While providing many examples of how broader philosophical approaches can be applied to spatial justice, the literature also makes it clear that there are many ambiguities in this application. On the one hand, the same theory of justice can be used to focus very different aspects. Amartya Sen’s capability approach can, for example, has led to focussing the number of choices that are available in a given situation, but can also be used to assess the exclusion of certain groups from proper access. And utilitarianism can be used in a rather egalitarian way, by attributing equal weight to everybody’s utility, or attributing different weights to different groups. On the other hand, different theories of justice are used to justify the same kind of assessment. A focus on the least well-off, in particular, can be found in utilitarian approaches that give higher weight to the least well-off (assuming that their marginal utility will rise more from a smaller increase in some benefit) but also in Rawlsian or Marxist approaches, that focus on the position of those groups because it violates the difference principle or because it expresses exploitative social relations. Further, assessment of spatial justice frequently focus the least well-off without reference to any specific principle of justice, such as can be found in the works of (Jonkman and Janssen-Jansen Citation2018), who focus on the distributive justice in housing mismatches, or (Dawkins Citation2021), who propose assessing the justice of housing policies in its substantive implications by considering how they reduce extreme poverty.

Distributional principles from the psychological and social-psychological justice research

As noted by (Liebig, HHlle, and May Citation2016), psychological research has identified four practical criteria according to which the distribution of a given resource tends to be assessed: strict equality, need, merit, and entitlement.

The application of different criteria for assessing spatial justice can have significant implications for the distribution of resources within urban environments. According to the criterion of strict equality, resources should be distributed in a way that minimizes the average levels of accessibility, with a focus on central locations. This approach seeks to ensure that all individuals have an equal level of access to resources, regardless of their individual circumstances or characteristics.

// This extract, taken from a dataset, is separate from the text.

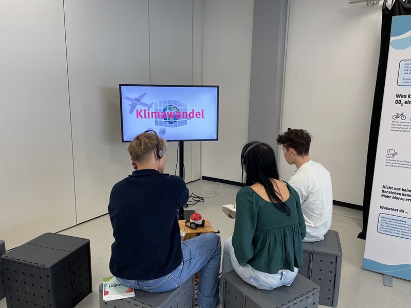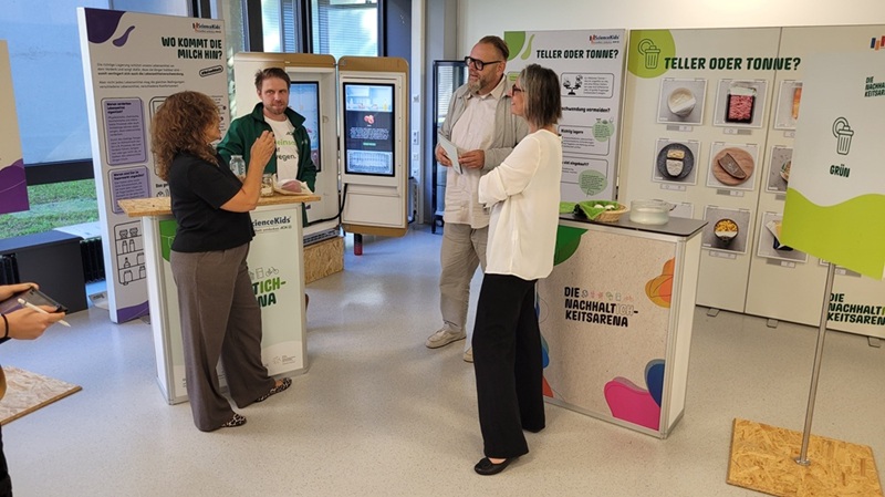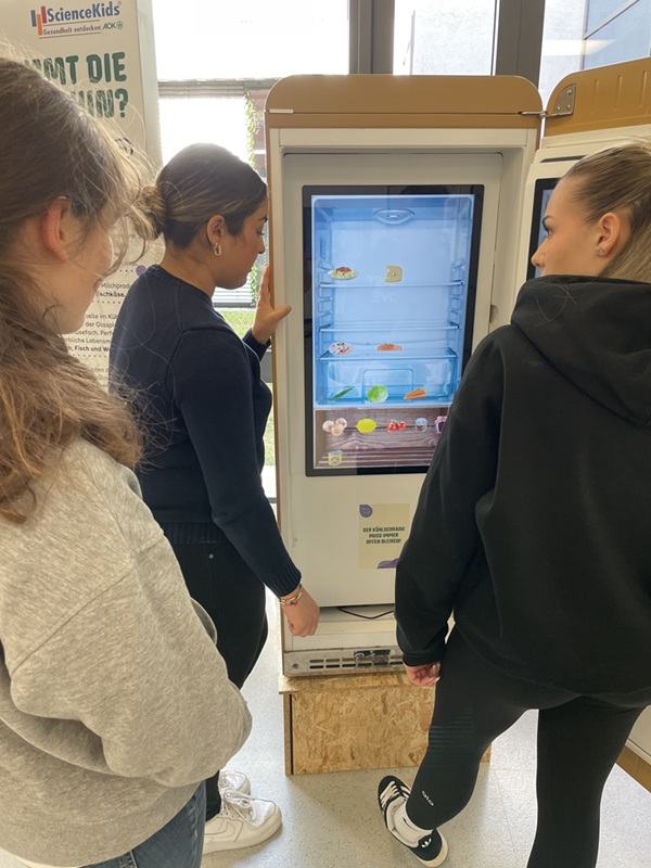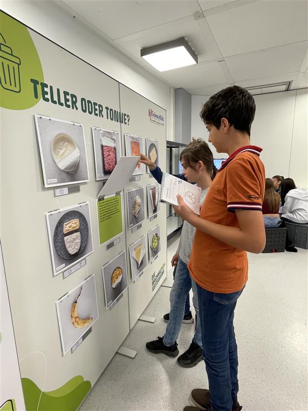 Wie lange hält eigentlich der Lachs im Kühlschrank? Was ist ein Unverpackt-Laden? Woher stammen die Lebensmittel? Wie sieht es mit dem Tierwohl contra CO2-Bilanz aus? Diesen und anderen Fragen konnten die Schüler:innen mit Hilfe Ausstellungsstücken zum Anfassen und Mitmachen oder Aufstellern mit Hintergrundinformationen, aber vor allem auch in Experimenten, Team-Aufgaben, digitalen Spielen und Übungen nachgehen.

On the other hand, the criterion of merit or entitlement suggests that resources should be distributed to those who have contributed the most to financing them, often favoring the upper and middle classes. This approach is based on the idea that those who have contributed more to society should be rewarded with greater access to resources and opportunities.

In contrast, a need-based approach to resource distribution would prioritize providing better access to those who are least well-off. This criterion is based on the idea that resources should be allocated to those who have the greatest need, regardless of their individual contributions or circumstances.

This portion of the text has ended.